第441章 山口血战清算旧账

就这么着,一路走,一路丢。饥饿、严寒、伤病、狼吻……不断掳走队伍里最虚弱的人。

当这支残破不堪的队伍,凭着胡大胡子那点模糊的山地记忆和柱子爹老跑山人说过的只言片语,挣扎着摸到人们记忆中该是山口的地界时,回头看看,当初那十好几口子,就只剩下七个了。

这七个幸存者,早已没了人样。棉衣褴褛,露着乌黑的棉絮和结着冰碴的皮肤;眼窝深陷,颧骨高高凸起,脸上只剩下一层黝黑起皮的皮包着骨头;眼神浑浊,混杂着长途跋涉后的极致疲惫、见惯生死的麻木,以及在这绝境尽头,眼看可能触摸到生路时,迸发出的那一丝骇人的、近乎癫狂的亮光。

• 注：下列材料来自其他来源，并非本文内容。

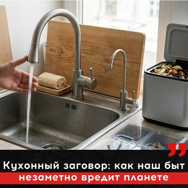 Мы привыкли винить в экологических проблемах крупные заводы и транспорт, но настоящая «горячая точка» находится гораздо ближе — прямо в наших квартирах. Обычная кухня является одним из самых мощных источников загрязнения, о масштабах которого мы редко задумываемся. 🔺Около трети всех закупаемых продуктов в мире отправляется в мусор. На свалках органика, перемешанная с пластиком, лишается доступа к кислороду и выделяет метан. Этот газ удерживает тепло в атмосфере в десятки раз эффективнее углекислого газа, становясь невидимым двигателем климатических изменений. 🔺Ежедневное использование синтетических губок и дешевых пластиковых досок приводит к тому, что в сточные воды и нашу пищу попадают тысячи микрочастиц полимеров. По статистике, за неделю человек может «съедать» количество пластика, сопоставимое по весу с банковской картой. 🔺Привычка мыть посуду под проточной водой без специальных насадок увеличивает расход ресурса на 40–60%. Большая часть этой воды очищается и нагревается с о

他们互相搀扶着,或者说,是互相支撑着,每个人的重量都压在旁边人身上,形成一个摇摇晃晃、却异常稳固的三角形。能活到现在,靠的不是体力——体力早就耗干了;靠的是一口不肯咽下的气,是胡大胡子那未必精准、却成了唯一指望的领路,是心底最深处那点对“外面世界”尚未完全熄灭的念想。

远远地,山势似乎真的开了口子,树木变得稀疏,天空似乎也显得比林子里头开阔了些。风里带来的味道,仿佛也不一样了,少了那股子陈年落叶腐烂的阴湿气。难道……真要熬出头了?

希望,这玩意儿最是害人。它能让你在绝境里撑下去,也能在你最意想不到的时候,给你最狠的一刀。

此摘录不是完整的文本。